Try it
Apart from the pictures, every entry must be retyped exactly.

Data records:
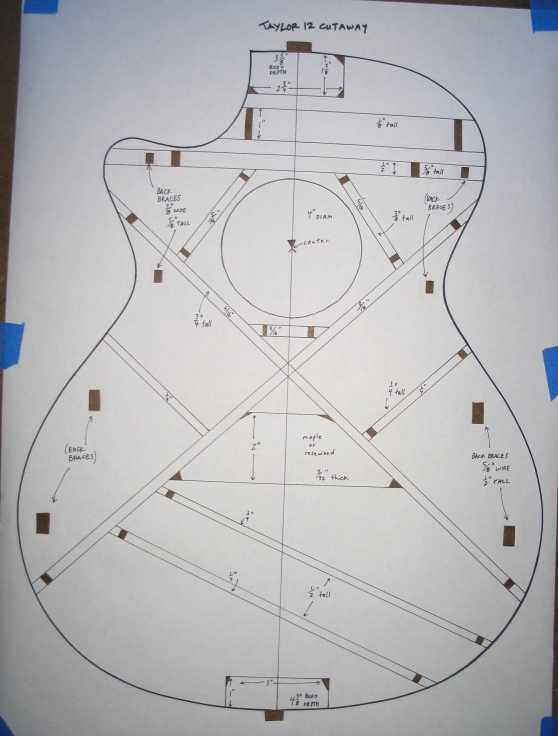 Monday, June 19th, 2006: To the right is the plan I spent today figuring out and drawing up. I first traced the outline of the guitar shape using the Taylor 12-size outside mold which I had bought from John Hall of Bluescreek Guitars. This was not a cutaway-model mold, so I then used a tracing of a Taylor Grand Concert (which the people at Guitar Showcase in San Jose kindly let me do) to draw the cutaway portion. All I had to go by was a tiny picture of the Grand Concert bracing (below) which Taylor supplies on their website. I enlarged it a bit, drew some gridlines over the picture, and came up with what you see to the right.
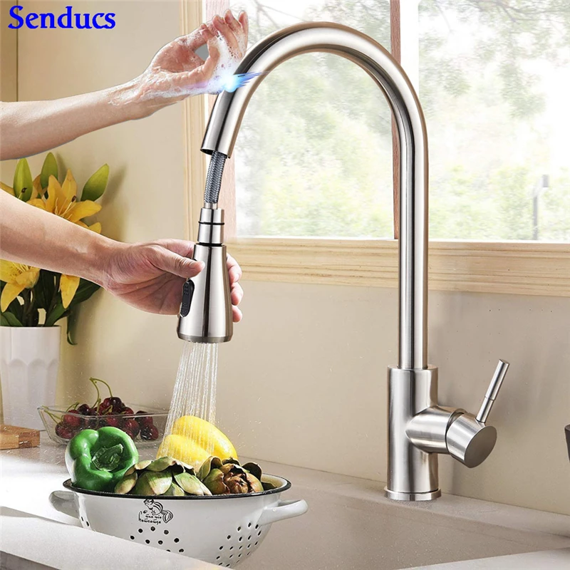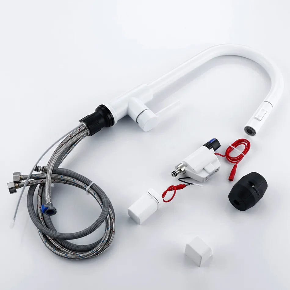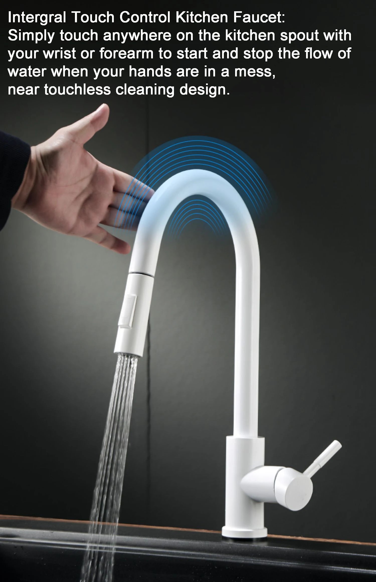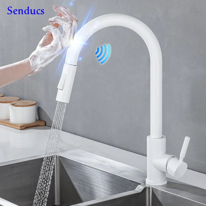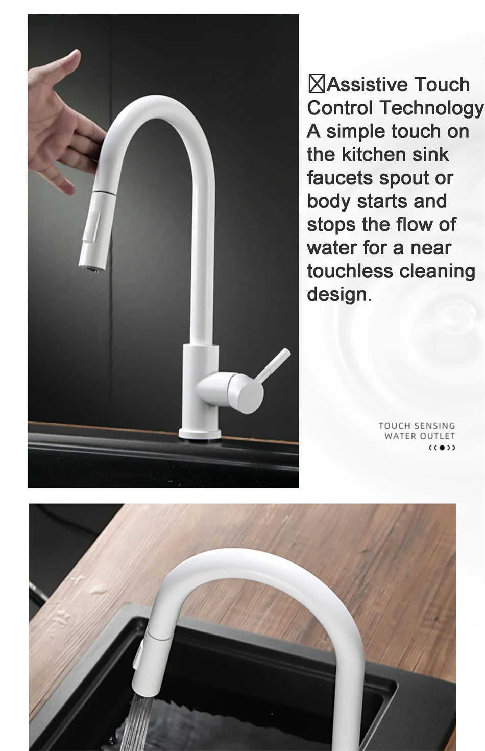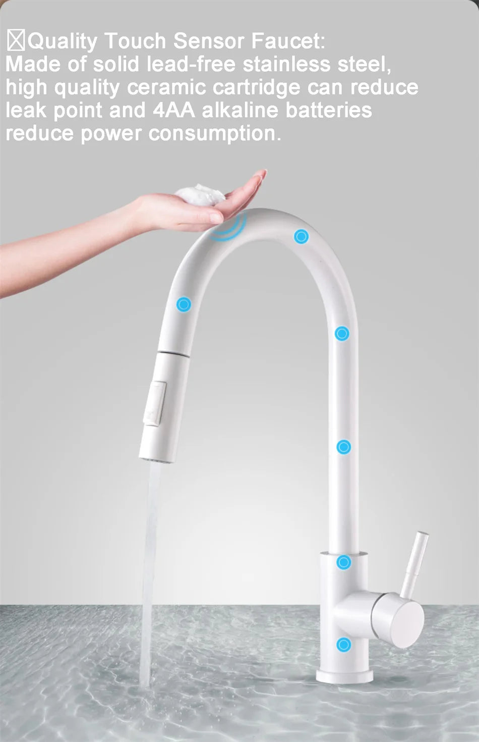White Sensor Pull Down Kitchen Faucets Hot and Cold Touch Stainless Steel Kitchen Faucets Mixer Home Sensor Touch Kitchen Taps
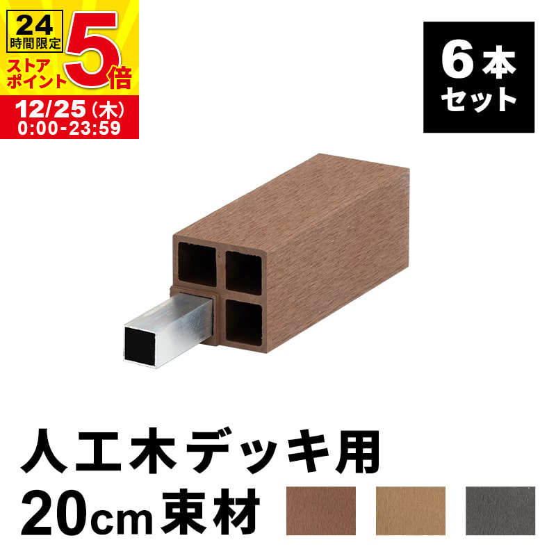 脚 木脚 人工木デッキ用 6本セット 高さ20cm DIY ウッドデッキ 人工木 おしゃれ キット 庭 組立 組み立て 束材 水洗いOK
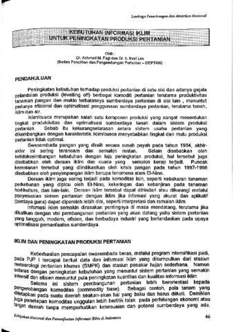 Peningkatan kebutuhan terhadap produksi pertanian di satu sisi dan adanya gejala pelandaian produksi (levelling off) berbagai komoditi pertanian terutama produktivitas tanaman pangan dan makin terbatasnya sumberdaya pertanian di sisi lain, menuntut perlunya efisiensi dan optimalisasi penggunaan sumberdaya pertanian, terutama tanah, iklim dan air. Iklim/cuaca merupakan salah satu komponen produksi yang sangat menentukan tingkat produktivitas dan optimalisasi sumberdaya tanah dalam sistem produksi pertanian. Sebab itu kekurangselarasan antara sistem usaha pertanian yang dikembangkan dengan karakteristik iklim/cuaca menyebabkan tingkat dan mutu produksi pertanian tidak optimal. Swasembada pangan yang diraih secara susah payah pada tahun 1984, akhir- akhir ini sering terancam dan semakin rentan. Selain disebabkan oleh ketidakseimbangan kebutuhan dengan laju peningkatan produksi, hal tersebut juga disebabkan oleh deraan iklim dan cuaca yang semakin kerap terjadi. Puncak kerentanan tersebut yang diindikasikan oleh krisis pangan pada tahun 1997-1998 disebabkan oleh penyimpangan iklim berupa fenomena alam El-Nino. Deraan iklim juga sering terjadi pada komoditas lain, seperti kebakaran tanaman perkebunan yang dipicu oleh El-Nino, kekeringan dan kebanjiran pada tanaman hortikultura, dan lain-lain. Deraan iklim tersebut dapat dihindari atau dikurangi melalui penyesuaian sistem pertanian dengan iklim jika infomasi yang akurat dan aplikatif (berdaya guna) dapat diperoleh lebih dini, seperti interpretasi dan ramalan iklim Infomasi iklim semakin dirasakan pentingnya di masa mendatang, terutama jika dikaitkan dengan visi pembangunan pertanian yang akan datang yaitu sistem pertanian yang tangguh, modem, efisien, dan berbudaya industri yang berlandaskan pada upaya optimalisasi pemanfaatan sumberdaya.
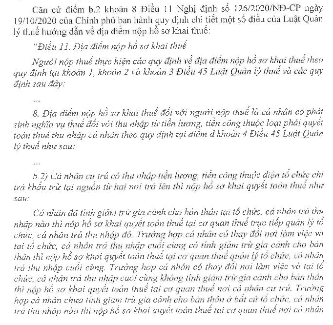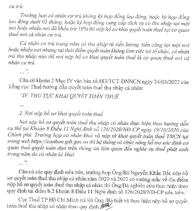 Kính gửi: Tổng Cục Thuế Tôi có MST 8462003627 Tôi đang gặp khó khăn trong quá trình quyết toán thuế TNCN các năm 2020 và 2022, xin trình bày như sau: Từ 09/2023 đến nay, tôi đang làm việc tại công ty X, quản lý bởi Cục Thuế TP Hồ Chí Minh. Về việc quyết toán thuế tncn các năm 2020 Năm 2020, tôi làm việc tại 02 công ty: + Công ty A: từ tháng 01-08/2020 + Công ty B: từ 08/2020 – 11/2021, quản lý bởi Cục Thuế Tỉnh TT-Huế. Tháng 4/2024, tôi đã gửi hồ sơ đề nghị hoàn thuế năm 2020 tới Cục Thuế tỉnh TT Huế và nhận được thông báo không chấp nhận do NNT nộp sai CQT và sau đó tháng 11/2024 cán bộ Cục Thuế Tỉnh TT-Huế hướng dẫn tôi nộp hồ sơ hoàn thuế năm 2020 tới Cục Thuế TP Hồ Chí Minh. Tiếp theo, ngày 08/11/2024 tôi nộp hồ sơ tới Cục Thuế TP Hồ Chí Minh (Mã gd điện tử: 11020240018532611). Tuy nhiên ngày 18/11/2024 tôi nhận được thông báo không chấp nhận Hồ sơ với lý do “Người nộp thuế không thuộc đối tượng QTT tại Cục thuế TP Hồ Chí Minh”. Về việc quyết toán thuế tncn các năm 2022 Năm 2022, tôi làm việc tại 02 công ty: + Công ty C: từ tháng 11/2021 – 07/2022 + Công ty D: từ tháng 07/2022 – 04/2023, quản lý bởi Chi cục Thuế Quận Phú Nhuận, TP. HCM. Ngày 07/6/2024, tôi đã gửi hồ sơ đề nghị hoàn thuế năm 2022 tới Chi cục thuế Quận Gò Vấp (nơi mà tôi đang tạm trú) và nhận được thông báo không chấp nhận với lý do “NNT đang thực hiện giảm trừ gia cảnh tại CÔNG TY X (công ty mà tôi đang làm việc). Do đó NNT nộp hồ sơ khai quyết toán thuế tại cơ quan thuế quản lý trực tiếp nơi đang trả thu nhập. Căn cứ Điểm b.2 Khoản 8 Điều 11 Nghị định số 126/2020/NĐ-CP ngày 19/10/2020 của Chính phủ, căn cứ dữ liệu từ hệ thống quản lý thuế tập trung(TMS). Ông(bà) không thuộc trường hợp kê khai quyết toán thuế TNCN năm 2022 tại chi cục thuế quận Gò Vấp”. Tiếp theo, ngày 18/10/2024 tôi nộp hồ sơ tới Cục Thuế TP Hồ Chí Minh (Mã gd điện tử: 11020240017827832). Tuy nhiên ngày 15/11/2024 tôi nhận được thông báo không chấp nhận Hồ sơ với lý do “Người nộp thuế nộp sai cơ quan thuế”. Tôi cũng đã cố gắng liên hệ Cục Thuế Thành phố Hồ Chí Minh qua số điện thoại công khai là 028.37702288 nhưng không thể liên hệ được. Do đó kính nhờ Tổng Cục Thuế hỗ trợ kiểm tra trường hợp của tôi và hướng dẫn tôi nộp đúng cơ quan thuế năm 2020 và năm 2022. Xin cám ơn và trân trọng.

Response to this task
 Monday, June 19th, 2006: To the right is the plan I spent today figuring out and drawing up. I first traced the outline of the guitar shape using the Taylor 12-size outside mold which I had bought from John Hall of Bluescreek Guitars. This was not a cutaway-model mold, so I then used a tracing of a Taylor Grand Concert (which the people at Guitar Showcase in San Jose kindly let me do) to draw the cutaway portion. All I had to go by was a tiny picture of the Grand Concert bracing (below) which Taylor supplies on their website. I enlarged it a bit, drew some gridlines over the picture, and came up with what you see to the right.
White Sensor Pull Down Kitchen Faucets Hot and Cold Touch Stainless Steel Kitchen Faucets Mixer Home Sensor Touch Kitchen Taps
 脚 木脚 人工木デッキ用 6本セット 高さ20cm DIY ウッドデッキ 人工木 おしゃれ キット 庭 組立 組み立て 束材 水洗いOK
 Peningkatan kebutuhan terhadap produksi pertanian di satu sisi dan adanya gejala pelandaian produksi (levelling off) berbagai komoditi pertanian terutama produktivitas tanaman pangan dan makin terbatasnya sumberdaya pertanian di sisi lain, menuntut perlunya efisiensi dan optimalisasi penggunaan sumberdaya pertanian, terutama tanah, iklim dan air. Iklim/cuaca merupakan salah satu komponen produksi yang sangat menentukan tingkat produktivitas dan optimalisasi sumberdaya tanah dalam sistem produksi pertanian. Sebab itu kekurangselarasan antara sistem usaha pertanian yang dikembangkan dengan karakteristik iklim/cuaca menyebabkan tingkat dan mutu produksi pertanian tidak optimal. Swasembada pangan yang diraih secara susah payah pada tahun 1984, akhir- akhir ini sering terancam dan semakin rentan. Selain disebabkan oleh ketidakseimbangan kebutuhan dengan laju peningkatan produksi, hal tersebut juga disebabkan oleh deraan iklim dan cuaca yang semakin kerap terjadi. Puncak kerentanan tersebut yang diindikasikan oleh krisis pangan pada tahun 1997-1998 disebabkan oleh penyimpangan iklim berupa fenomena alam El-Nino. Deraan iklim juga sering terjadi pada komoditas lain, seperti kebakaran tanaman perkebunan yang dipicu oleh El-Nino, kekeringan dan kebanjiran pada tanaman hortikultura, dan lain-lain. Deraan iklim tersebut dapat dihindari atau dikurangi melalui penyesuaian sistem pertanian dengan iklim jika infomasi yang akurat dan aplikatif (berdaya guna) dapat diperoleh lebih dini, seperti interpretasi dan ramalan iklim Infomasi iklim semakin dirasakan pentingnya di masa mendatang, terutama jika dikaitkan dengan visi pembangunan pertanian yang akan datang yaitu sistem pertanian yang tangguh, modem, efisien, dan berbudaya industri yang berlandaskan pada upaya optimalisasi pemanfaatan sumberdaya.
 Kính gửi: Tổng Cục Thuế Tôi có MST 8462003627 Tôi đang gặp khó khăn trong quá trình quyết toán thuế TNCN các năm 2020 và 2022, xin trình bày như sau: Từ 09/2023 đến nay, tôi đang làm việc tại công ty X, quản lý bởi Cục Thuế TP Hồ Chí Minh. Về việc quyết toán thuế tncn các năm 2020 Năm 2020, tôi làm việc tại 02 công ty: + Công ty A: từ tháng 01-08/2020 + Công ty B: từ 08/2020 – 11/2021, quản lý bởi Cục Thuế Tỉnh TT-Huế. Tháng 4/2024, tôi đã gửi hồ sơ đề nghị hoàn thuế năm 2020 tới Cục Thuế tỉnh TT Huế và nhận được thông báo không chấp nhận do NNT nộp sai CQT và sau đó tháng 11/2024 cán bộ Cục Thuế Tỉnh TT-Huế hướng dẫn tôi nộp hồ sơ hoàn thuế năm 2020 tới Cục Thuế TP Hồ Chí Minh. Tiếp theo, ngày 08/11/2024 tôi nộp hồ sơ tới Cục Thuế TP Hồ Chí Minh (Mã gd điện tử: 11020240018532611). Tuy nhiên ngày 18/11/2024 tôi nhận được thông báo không chấp nhận Hồ sơ với lý do “Người nộp thuế không thuộc đối tượng QTT tại Cục thuế TP Hồ Chí Minh”. Về việc quyết toán thuế tncn các năm 2022 Năm 2022, tôi làm việc tại 02 công ty: + Công ty C: từ tháng 11/2021 – 07/2022 + Công ty D: từ tháng 07/2022 – 04/2023, quản lý bởi Chi cục Thuế Quận Phú Nhuận, TP. HCM. Ngày 07/6/2024, tôi đã gửi hồ sơ đề nghị hoàn thuế năm 2022 tới Chi cục thuế Quận Gò Vấp (nơi mà tôi đang tạm trú) và nhận được thông báo không chấp nhận với lý do “NNT đang thực hiện giảm trừ gia cảnh tại CÔNG TY X (công ty mà tôi đang làm việc). Do đó NNT nộp hồ sơ khai quyết toán thuế tại cơ quan thuế quản lý trực tiếp nơi đang trả thu nhập. Căn cứ Điểm b.2 Khoản 8 Điều 11 Nghị định số 126/2020/NĐ-CP ngày 19/10/2020 của Chính phủ, căn cứ dữ liệu từ hệ thống quản lý thuế tập trung(TMS). Ông(bà) không thuộc trường hợp kê khai quyết toán thuế TNCN năm 2022 tại chi cục thuế quận Gò Vấp”. Tiếp theo, ngày 18/10/2024 tôi nộp hồ sơ tới Cục Thuế TP Hồ Chí Minh (Mã gd điện tử: 11020240017827832). Tuy nhiên ngày 15/11/2024 tôi nhận được thông báo không chấp nhận Hồ sơ với lý do “Người nộp thuế nộp sai cơ quan thuế”. Tôi cũng đã cố gắng liên hệ Cục Thuế Thành phố Hồ Chí Minh qua số điện thoại công khai là 028.37702288 nhưng không thể liên hệ được. Do đó kính nhờ Tổng Cục Thuế hỗ trợ kiểm tra trường hợp của tôi và hướng dẫn tôi nộp đúng cơ quan thuế năm 2020 và năm 2022. Xin cám ơn và trân trọng.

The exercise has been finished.